Um homem de poucos cabelos lastimava a má sorte na beleza, confiando ao Todo-Poderoso uma solução, nunca tardia. Pelo dito e conhecido, herdara do pai razoável quantidade de haveres, incluída uma biblioteca. Nem nos bens, nem nos livros encontrava alento para o único problema que teve de enfrentar sem êxito: a calvície.

No cabeleireiro, implorava a parcimônia do artesão, rogando improvisados arremedos. Não se enganava. Após o primeiro banho, tudo era a mesma coisa. Passara pelas mãos mais conhecidas, até conhecer a tesoura e a língua de Possidônio, na Vasco da Gama, proximidades do Luzeirinho, no bairro de Jaguaribe, capital da Paraíba.

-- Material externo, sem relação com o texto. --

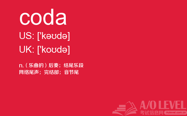 对于a-level考试,我们一再强调要加强a-level考试真题实战,多做英国a-level考试真题。放松一下,跟着a/o-level考试网来积累一下a-level考试中你会用到的单词coda,对你的a-level考试会有很大的帮助。如果您想了解alevel考试用品,alevel写作真题,alevel词汇书,alevel非全日制培训等关于a-level考试的相关资讯,请继续浏览并关注课窝a/o-level考试网。
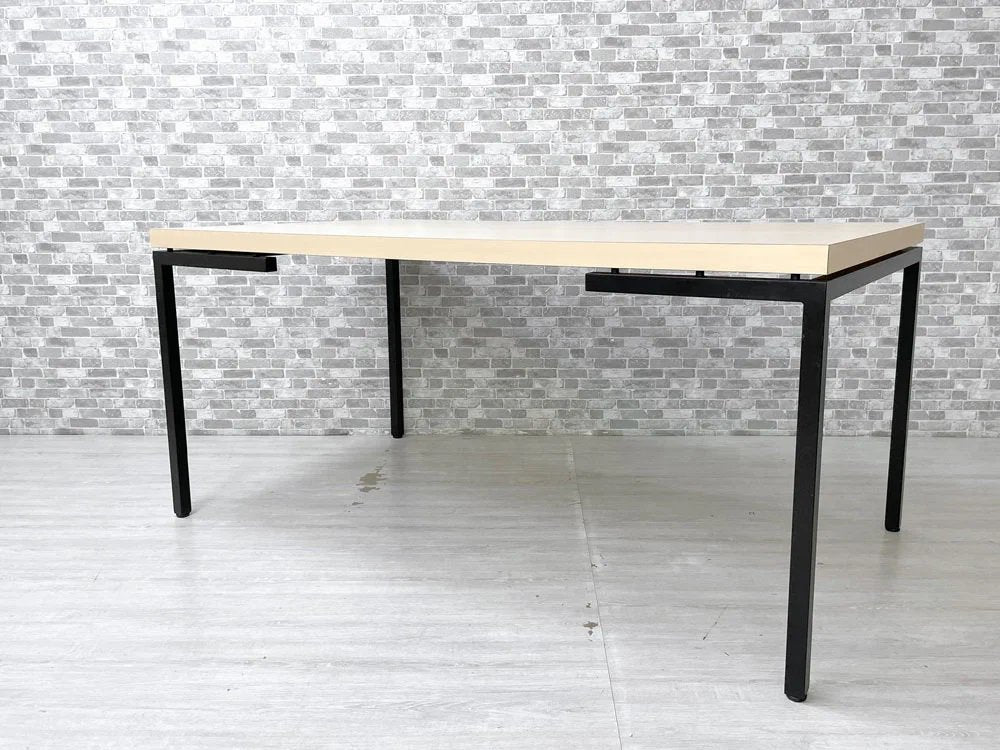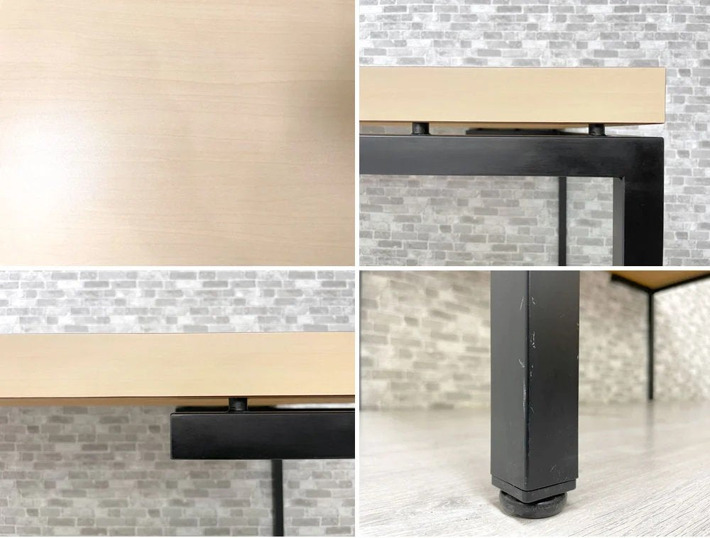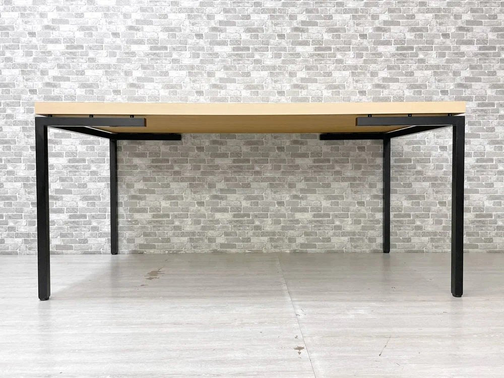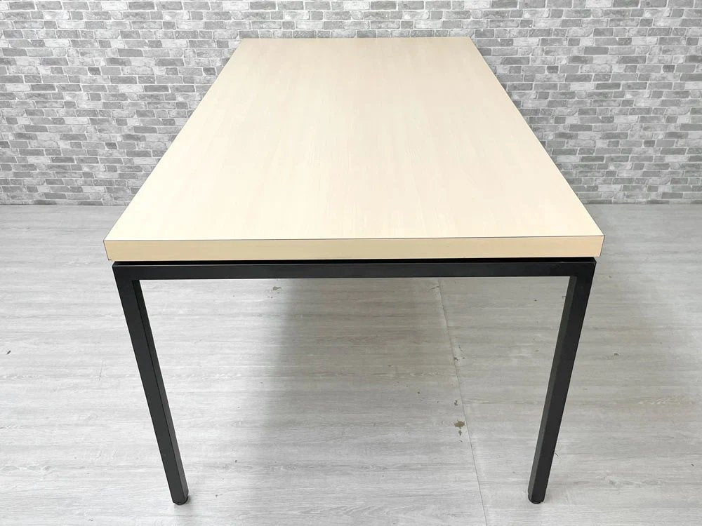こちらは余計な装飾を無くし、直線を基調にしたシンプルなフォルムで完成させたミーティングテーブル。ナチュラル色の化粧板天板とブラック色のスチールレッグで仕上げたメリハリのあるデザインは、周りの木製家具やフローリングと溶け込みながら、ホームユースは勿論、オフィス等の無機質な空間にも調和するバランスの取れた造りとなっています。

Ao seu primeiro lamento, o jovem cabeleireiro falou das maravilhas da pasta da flor da carrapateira: um milagre na recuperação do couro cabeludo e no rejuvenescimento dos pelos. De uso externo, não oferecia efeitos colaterais. Bastava aplicar a pasta três vezes por semana, durante quinze minutos, sobre o cabelo — ou o que restara dele. Antes, contudo, dependia de três “poréns”: A flor ser retirada e pisada numa noite de lua cheia;

ser colocada, como uma pasta, pelos três dias seguintes, para curtir no sol e no sereno, em cima de uma telha nova; e que o fiel não tivesse, quando da aplicação no banho, nenhuma imagem ruim no pensamento.

Os poréns eram simples demais e assim não ofereciam obstáculos. A planta era comum na região. A colheita seria fácil. Quanto ao mau pensamento, não se incomodava; o infortúnio capilar não o fizera grosseiro nem raivoso do mundo. Tudo lhe parecia bom e correto sob as ordens de Deus. Disse isso ao cabeleireiro, ao tempo que agradeceu a meizinha, manifestando interesse em aviar a receita.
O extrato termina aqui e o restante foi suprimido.